> _Assignment_
As the answer, return precisely the lines from the one containing "米黄汝窑大唐宝相三才盖碗高端中式陶瓷带盖泡茶碗家用功夫茶具" to the final line of the material below, inclusive, and omit every picture.

++++

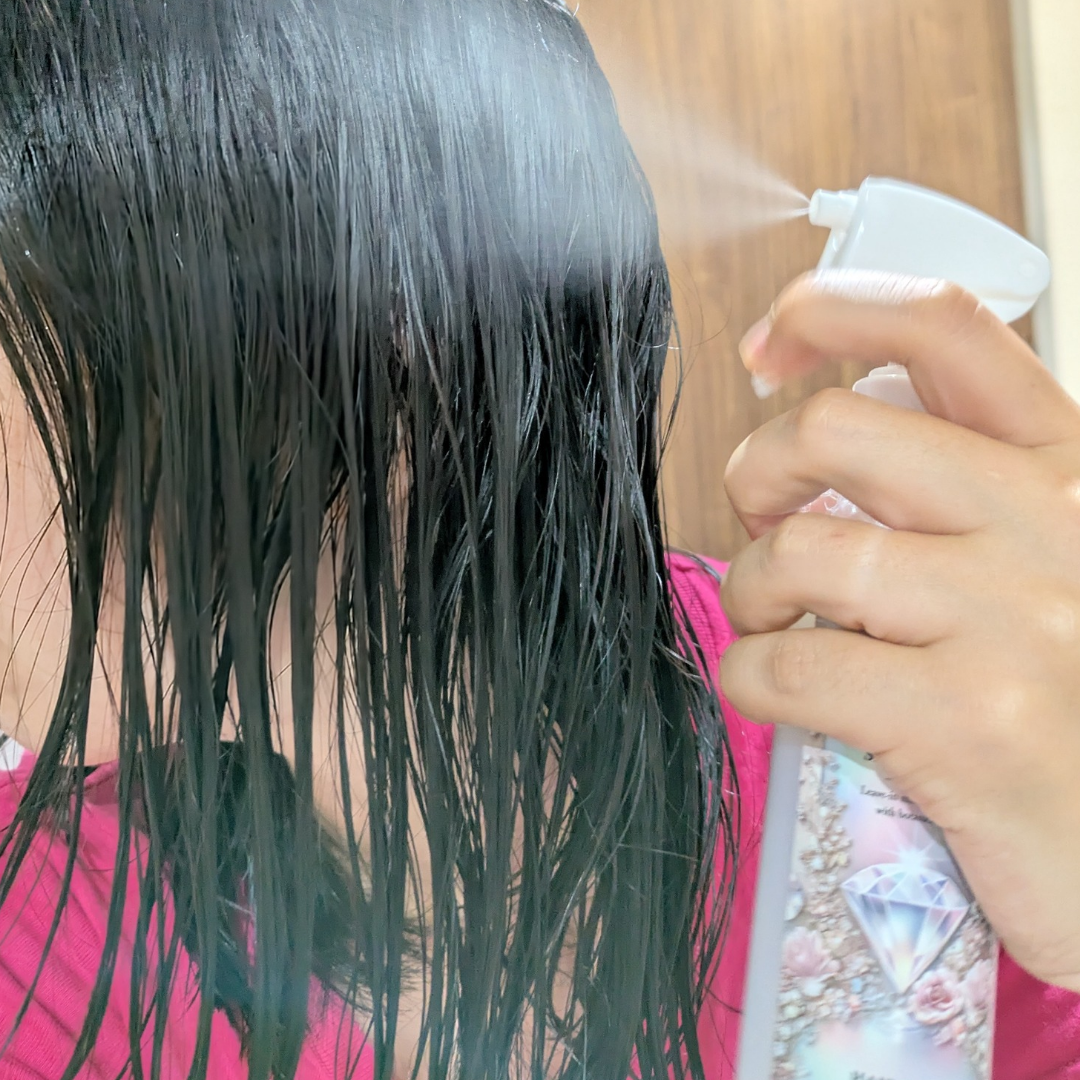 お風呂上がり、タオルドライした髪に「ウォーターダイヤモンド シルキースタイル」をシュッシュとスプレ...
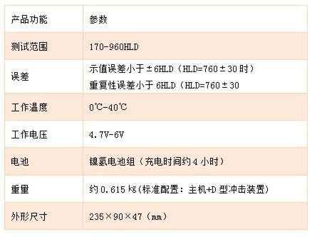 主机(含打印机)1台、D型冲击装置1支、小支撑环1只、尼龙刷1只、高值标准里氏硬度块(HLD值)1块、充电器1只, 手提箱。
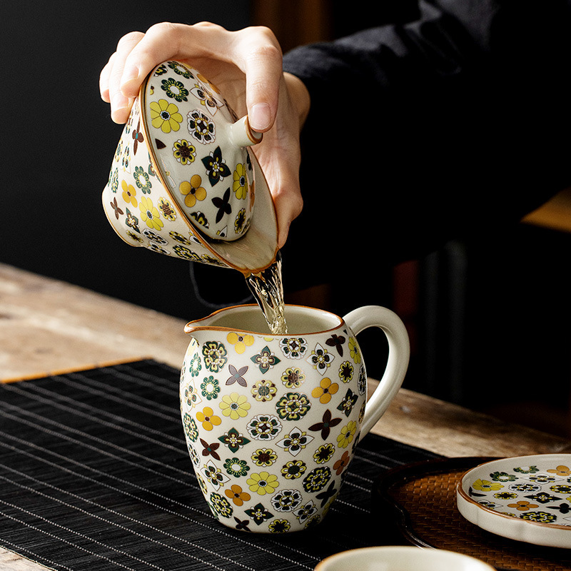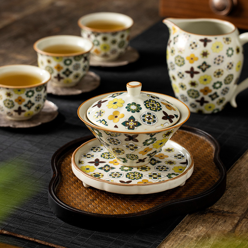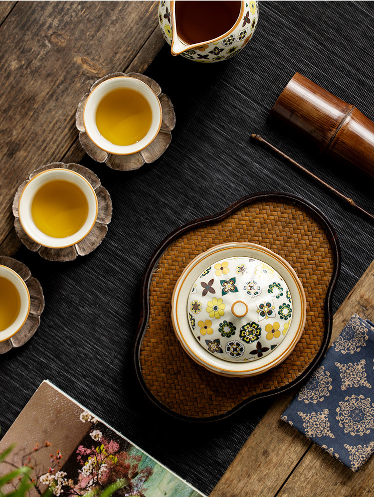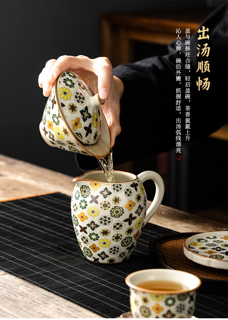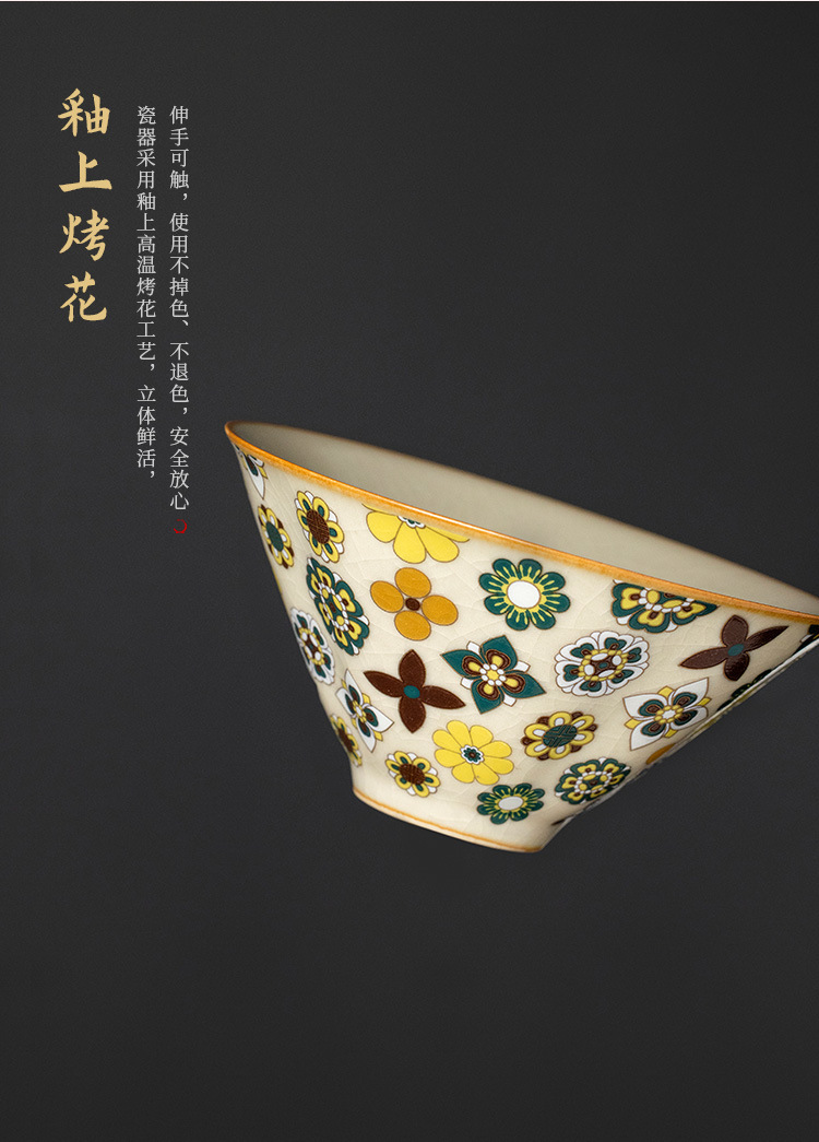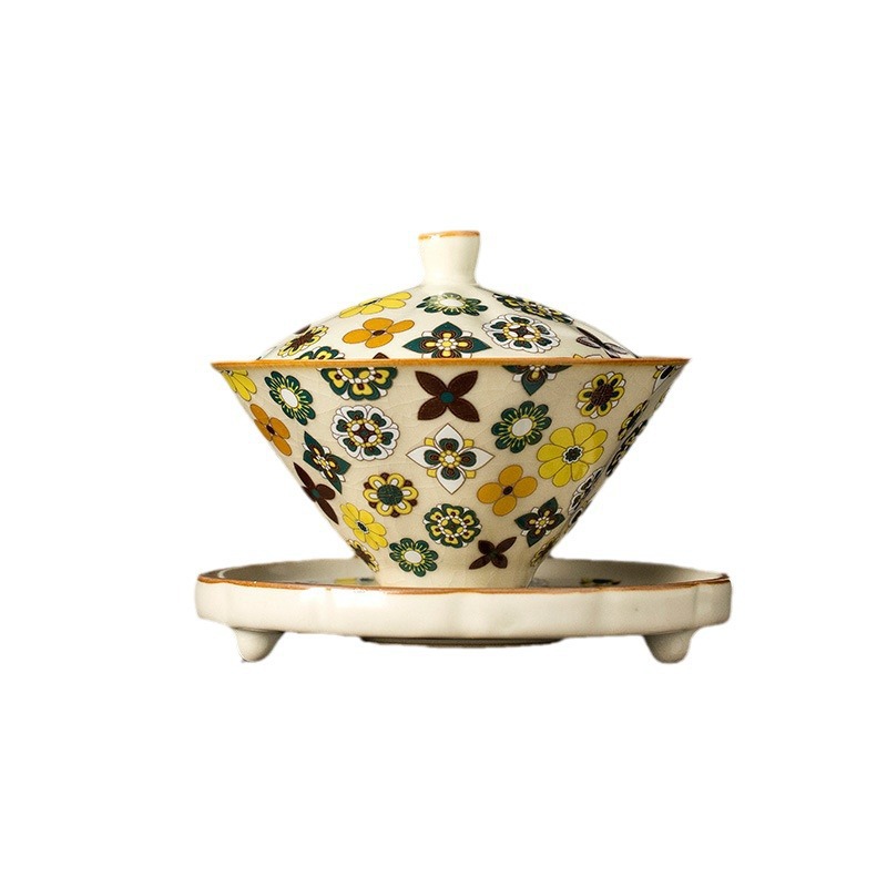 米黄汝窑大唐宝相三才盖碗高端中式陶瓷带盖泡茶碗家用功夫茶具
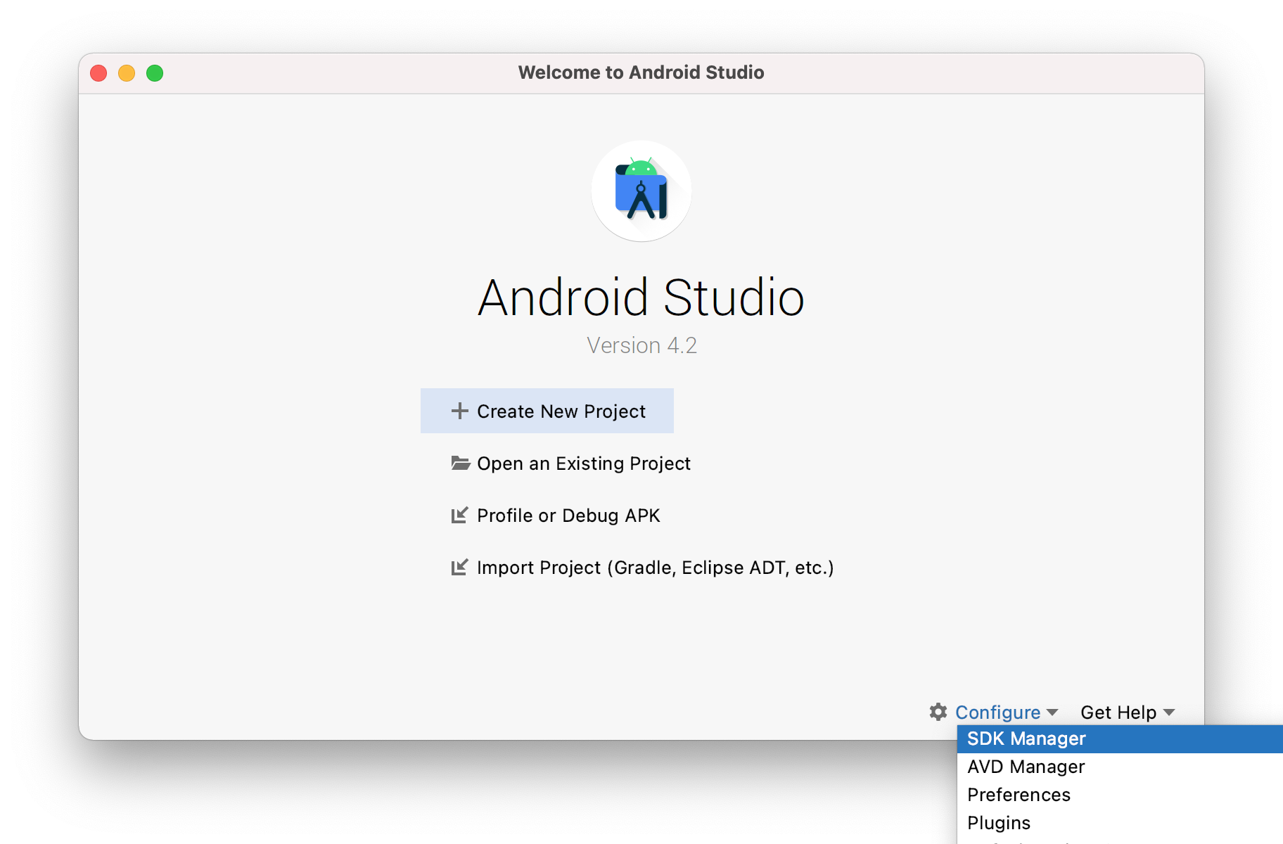 你可以在 Android Studio 的欢迎界面中找到 SDK Manager。点击"Configure",然后就能看到"SDK Manager"。
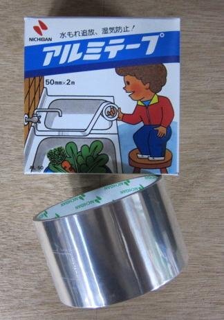 テープ厚:0.12mm。材質:アルミ箔、アクリル系粘着剤、紙(剥離紙)。巾×長:50mm×2m。。。。 |
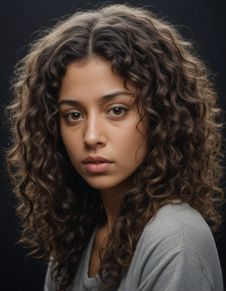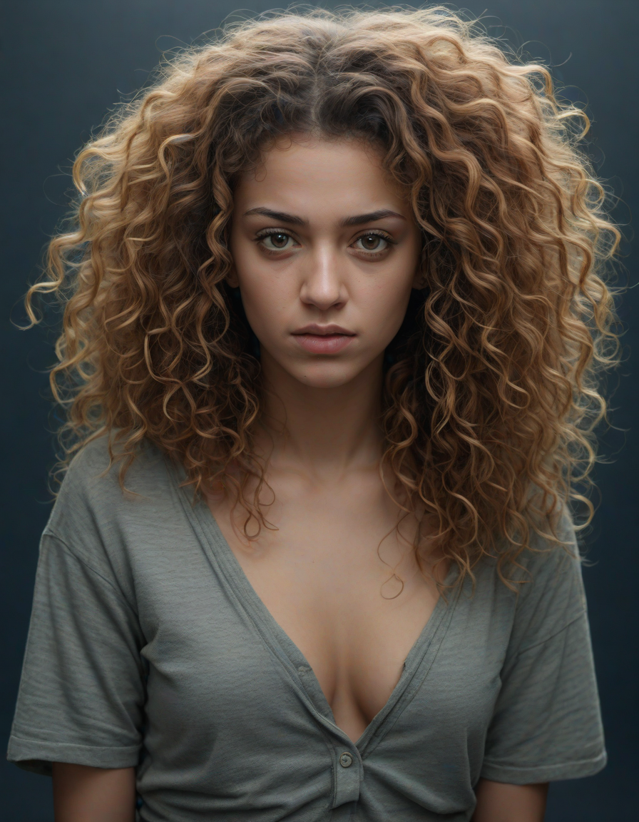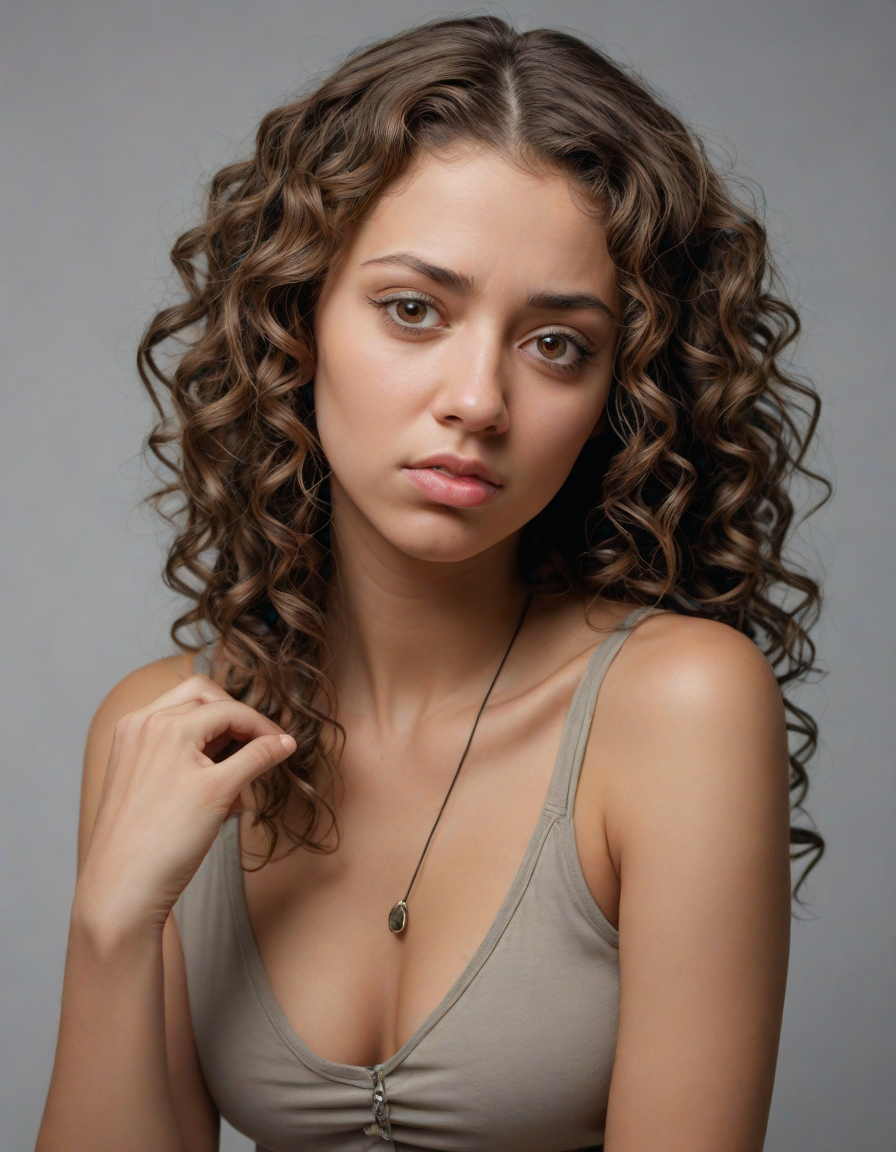wistful gaze, curly hair, Smug... (6 loras merged)
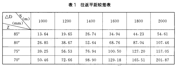 應(yīng)當(dāng)指出:只有計算Dm,方可進(jìn)行同邊往、返平距D往、D返的比較,符合限差取其D往、D返的比較,符合限差取其D往、D返平均值作為測距成果。
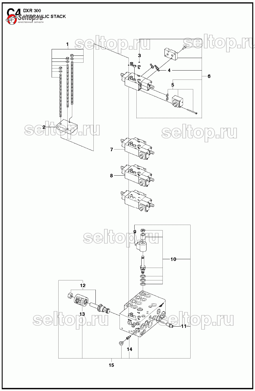 Гидравлический штабель (вариант 1) для демонтажного робота DXR 300 (2008-2013) Husqvarna, взрыв-схема:
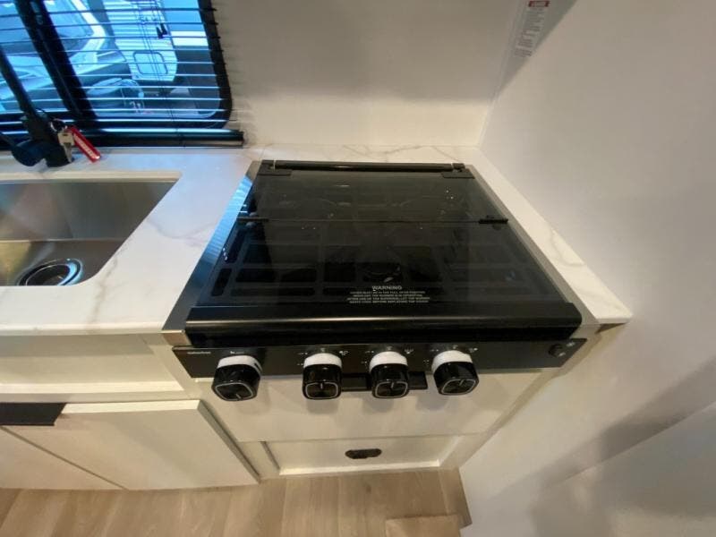 You'll love every minute spent in this spacious travel trailer! With dual entry doors, you can enter in through the rear kitchen or the front private bedroom! There are dual beside wardrobes here and a closet so you can keep your space organized, and the full bath is right next to the bedroom for easy nighttime use. Back to the kitchen, you'll find ample counter space to prep meals, a three-burner cooktop, plus a pantry and 10 cu. ft. 12V refrigerator for food storage. Your crew can dine at the booth dinette, then relax on the theater seating slide out after dinner or head outdoors to enjoy the 16' power awning with LED lights!
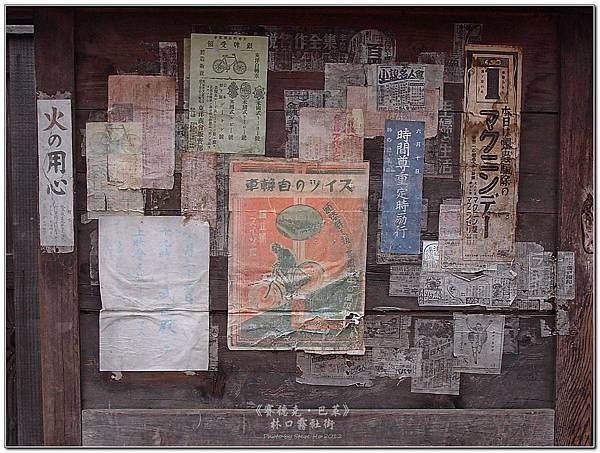 15.木製的電線桿及公佈欄上貼著很用心的做出各種仿舊海報及標語
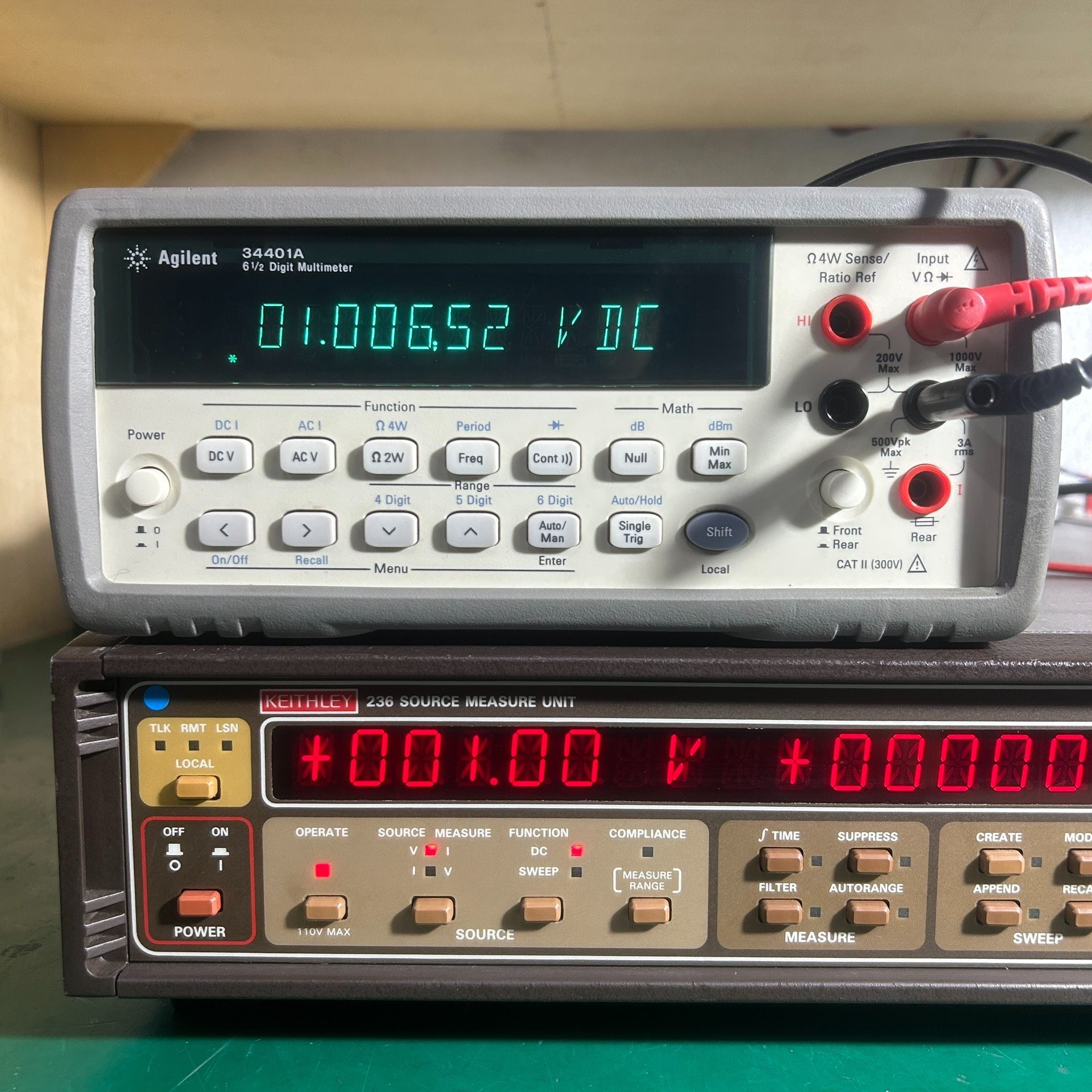 Keithley 236源测量单元是一款高精度的电子测试仪器,原装无修,功能全部正常,精度非常准。设备采用棕色机架式设计,正面配备醒目的红色LED显示屏,可清晰显示电压、电流等参数及工作状态(如STBY.)。机身集成SOURCE、MEASURE、SWEEP、TRIGGER等多个功能模块按键和数据输入键盘,操作便捷,支持手动控制与编程操作。

++++

> _Task solution_
 米黄汝窑大唐宝相三才盖碗高端中式陶瓷带盖泡茶碗家用功夫茶具
 你可以在 Android Studio 的欢迎界面中找到 SDK Manager。点击"Configure",然后就能看到"SDK Manager"。
 テープ厚:0.12mm。材質:アルミ箔、アクリル系粘着剤、紙(剥離紙)。巾×長:50mm×2m。。。。 |
wistful gaze, curly hair, Smug... (6 loras merged)
 應(yīng)當(dāng)指出:只有計算Dm,方可進(jìn)行同邊往、返平距D往、D返的比較,符合限差取其D往、D返的比較,符合限差取其D往、D返平均值作為測距成果。
 Гидравлический штабель (вариант 1) для демонтажного робота DXR 300 (2008-2013) Husqvarna, взрыв-схема:
 You'll love every minute spent in this spacious travel trailer! With dual entry doors, you can enter in through the rear kitchen or the front private bedroom! There are dual beside wardrobes here and a closet so you can keep your space organized, and the full bath is right next to the bedroom for easy nighttime use. Back to the kitchen, you'll find ample counter space to prep meals, a three-burner cooktop, plus a pantry and 10 cu. ft. 12V refrigerator for food storage. Your crew can dine at the booth dinette, then relax on the theater seating slide out after dinner or head outdoors to enjoy the 16' power awning with LED lights!
 15.木製的電線桿及公佈欄上貼著很用心的做出各種仿舊海報及標語
 Keithley 236源测量单元是一款高精度的电子测试仪器,原装无修,功能全部正常,精度非常准。设备采用棕色机架式设计,正面配备醒目的红色LED显示屏,可清晰显示电压、电流等参数及工作状态(如STBY.)。机身集成SOURCE、MEASURE、SWEEP、TRIGGER等多个功能模块按键和数据输入键盘,操作便捷,支持手动控制与编程操作。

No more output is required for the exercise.